Susanne Niebling, Sopran, geboren im bayerischen Schwaben, sang bereits seit ihrer frühen Kindheit in zahlreichen Chören, besuchte das musische Gymnasium und erhielt ab dem 15. Lebensjahr Gesangsunterricht. Zwischen 2001 und 2006 studierte die junge Sängerin an der Musikhochschule Köln bei Prof. Arthur Janzen Gesang. Ihr Studium, das sie mit „sehr gut“ abschloß, ergänzte sie im Anschluß durch ein Konzertexamensstudium, welches sie im Oktober 2008 mit einem Examenskonzert zur Vollendung brachte. Zahlreiche Meisterkurse zum Beispiel bei Prof. Dr. Michael Hampe, Ulrich Rademacher, Ingeborg Danz oder Sissel Hoyem Aune ergänzten ihre szenische, gestalterische und technische Gesangsausbildung. Neben der Übernahme von Rollen bei Hochschul-Produktionen wirkte Susanne Niebling bei der Uraufführung der Spiegelgeschichte von Mark Steinhäuser mit, sang den kleinen Prinzen in der gleichnamigen Oper von Nikolaus Schapfl sowie die Rolle der Baronin Freimann aus Lortzings Der Wildschütz und war zuletzt im Juni 2007 als Tatjana in Tschaikowskys Eugen Onegin im Theater Solingen und Remscheid zu erleben. In Konzerten sang sie u. a. Mahlers 4. Symphonie Das himmlische Leben, Les Illumination de Rimbaud von Benjamin Britten, die Uraufführung der Mass in C von Graham Buckland, Mendelssohns 42. Psalm Wie der Hirsch schreit, das Mozart-Requiem, die Rose aus Schumanns Der Rose Pilgerfahrt und Elisabeth aus Die Legende von der heiligen Elisabeth von Franz Liszt. Bereits im Juni 2006 war Susanne Niebling auf der Kölner Opernbühne zu sehen. Dort sang sie in einer Kooperationsproduktion der Hochschule für Musik Köln und des WDR die Alkmene in Eduard Künnekes Operette Die Ehe im Kreise. Seit der Spielzeit 2007/2008 ist sie Mitglied des internationalen Opern-Studios der Kölner Oper, wo sie neben zahlreichen Rollen in der Kinderoper u. a. die Barena in der Wiederaufnahme von Katharina Thalbachs Inszenierung von Jenůfa, Elvira in L´Italiana in Algeri von Rossini, den jungen Hirten in Wagners Tannhäuser und die Marzelline in Beethovens Fidelio sang. In der Spielzeit 2008/2009 war Susanne Niebling u. a. als Papagena und als Gretel zu erleben.
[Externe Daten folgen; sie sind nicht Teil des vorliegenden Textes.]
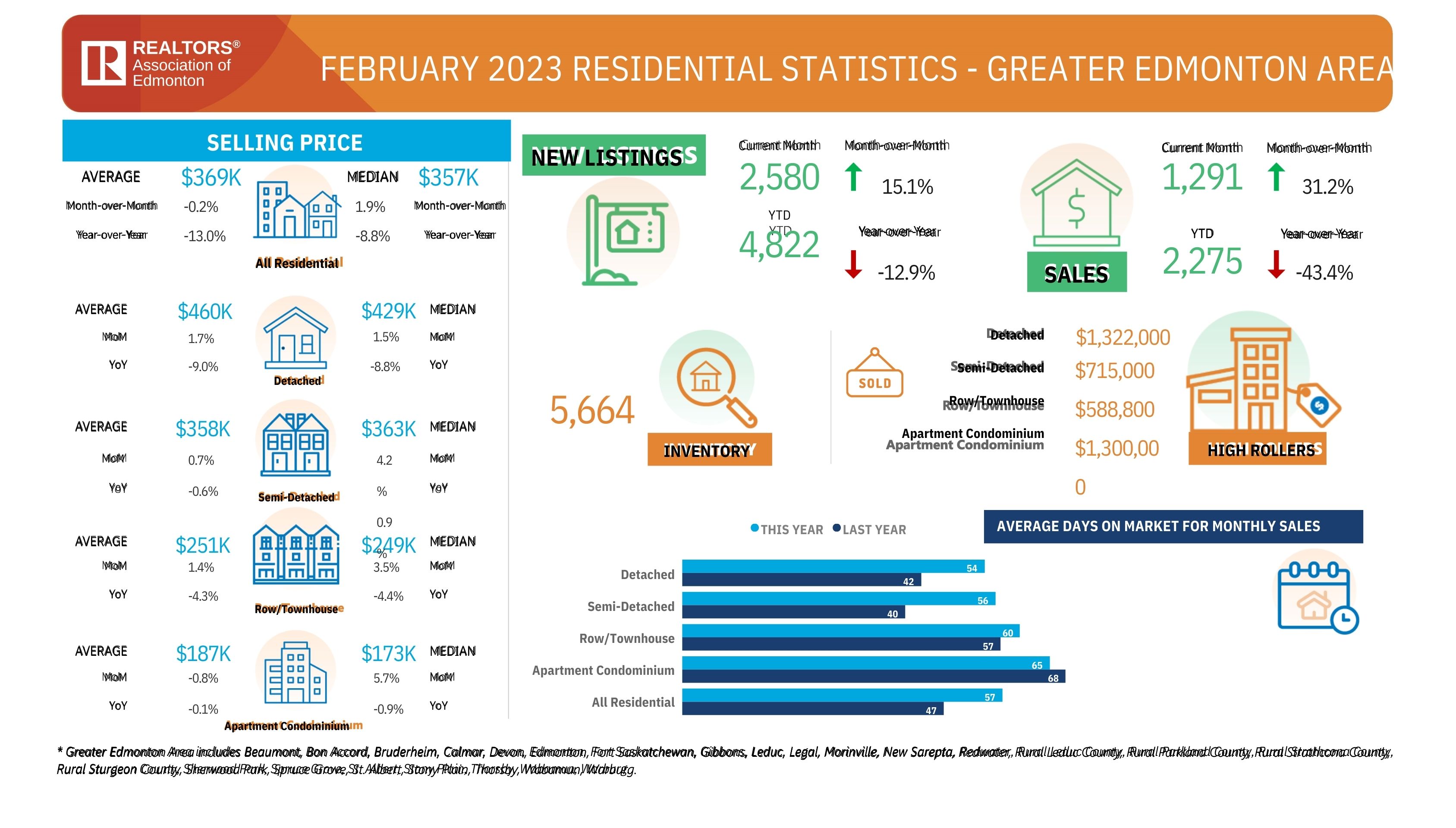 “While numbers are not quite where they were at this time last year, we’re still seeing large percentage increases month-over-month in many of the categories,” says REALTORS® Association of Edmonton 2023 Board Chair Melanie Boles. “There are lots to look forward to as we head into the warmer months and we’re feeling optimistic as we set our sights on the Spring market.”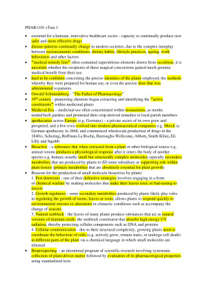 Comprehensive notes from all lectures and e-tutes. Got a perfect score on all quizzes and an overall HD (95%) for PHAR1101 using these notes. Lectures: Introducing Drugs Alcohol Ether Penicillin Thalidomide Nitroglycerin Chlorpromazine Contraceptives Mustard gas The Future of Drugs e-Tutorials: Finding new medicines in nature (Bioprospecting) Animal disease models 'Me-too' drugs Serendipitous discovery Rational drug design Irrational discovery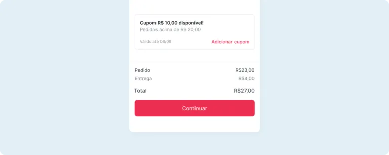 Na última etapa você adicionou seu almoço ao carrinho, portanto aqui está sua recompensa, um cupom de 10 reais e entrega grátis. Essa fase é crucial para garantir o investimento do usuário e consequentemente levá-lo a repetir o ciclo outras vezes. Aqui, o incerto prende nossa atenção, isso nos leva a buscar cada vez mais por outras recompensas.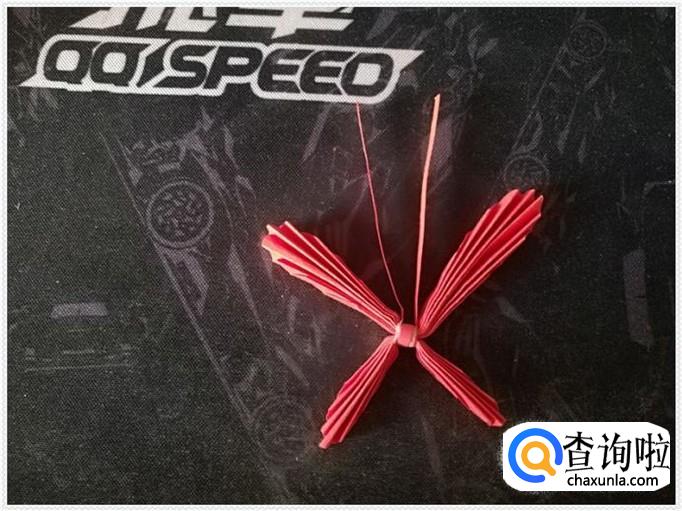 把蝴蝶的触角用锥子头卷一下,向外打卷即可。如图所示。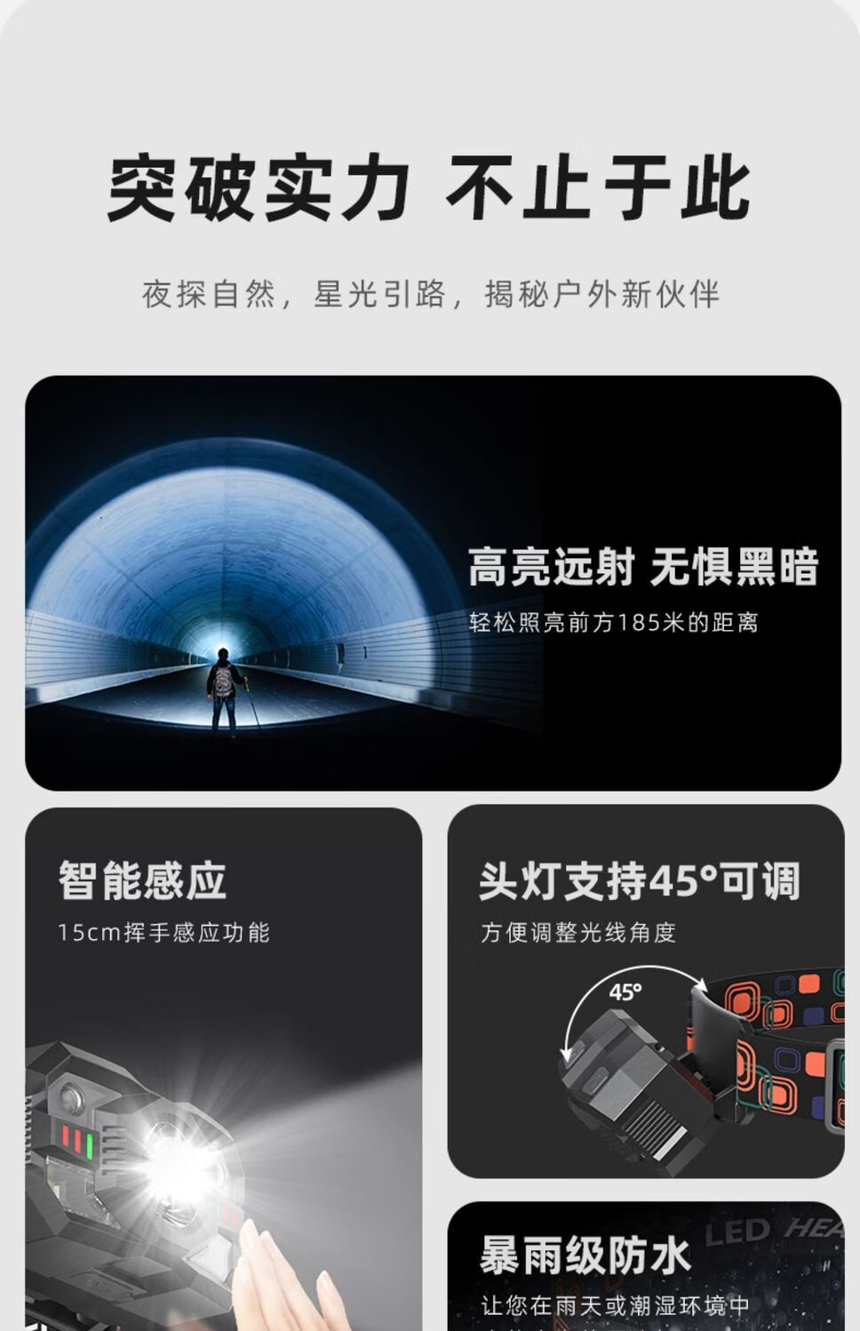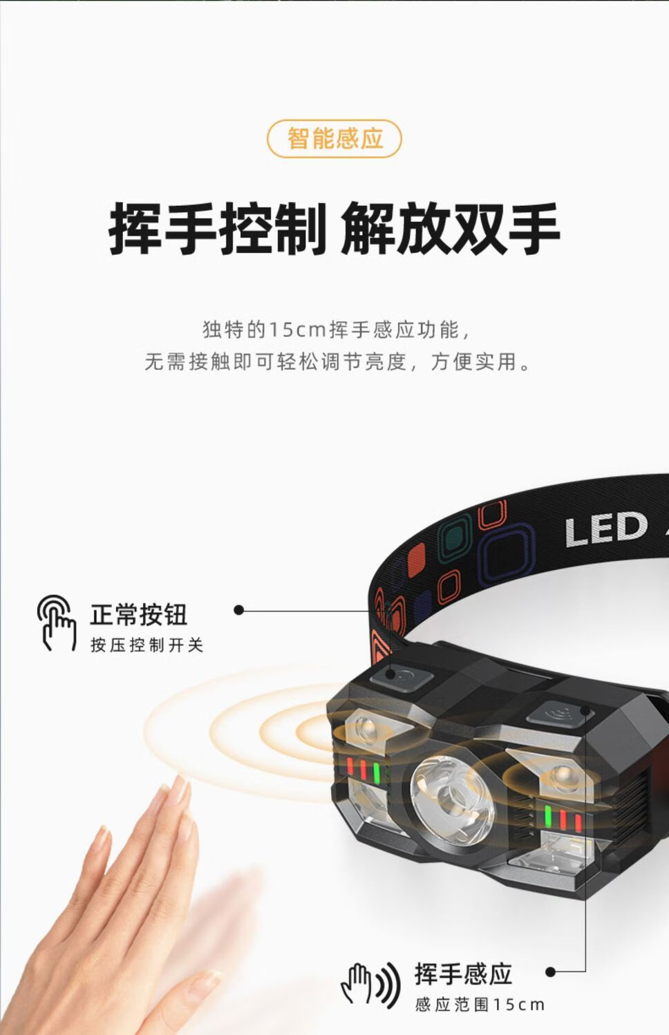 Chaosihui induction headlight outdoor waterproof ultra-long battery life flashlight 3899 medium bright wave induction six-speed adjustment conventional

Andrés Felipe Orozco Martinez, lyrischer Tenor, wurde in Cali in Kolumbien geboren und studierte Journalismus und Musikpädagogik an der Universität von Valle. Am Konservatorium Antonio María Valencia in Cali erwarb er einen Abschluß im Fach Gesang. An der Hochschule für Musik Köln, Standort Aachen, legte er in der Klasse von Dieter Schweikart mit Auszeichnung sein Diplom in Künstlerischer Gesangsausbildung ab. Im Jahr 2000 erhielt er eine Ehrenauszeichnung des Gesangswettbewerbs »Interpreten für das nächste Millennium« in Bogotá, 2004 wurde er Preisträger des Gesangswettbewerbs der Stadt Wels in Österreich. Zunächst Mitglied des internationalen Opernstudios der Oper Köln, ist er seit der Spielzeit 2008/2009 Ensemblemitglied und war bereits als Leandro in Salieris La cifra, Maintop in Billy Budd, Vicomte Cascada in Die lustige Witwe, Peppe in Pagliacci, Heinrich der Schreiber im Tannhäuser, Nathanael in Hoffmanns Erzählungen, Don Curzio in Le nozze di Figaro sowie in zahlreichen Produktionen der Kinderoper zu sehen. In der Spielzeit 2008/2009 ist er u. a. als Monostatos (Die Zauberflöte), 3. Jude (Salome), Dr. Blind (Die Fledermaus) und als Goro (Madama Butterfly) zu erleben. Im März 2009 wurde ihm der Jaques Offenbach-Preis der Kölner Oper verliehen.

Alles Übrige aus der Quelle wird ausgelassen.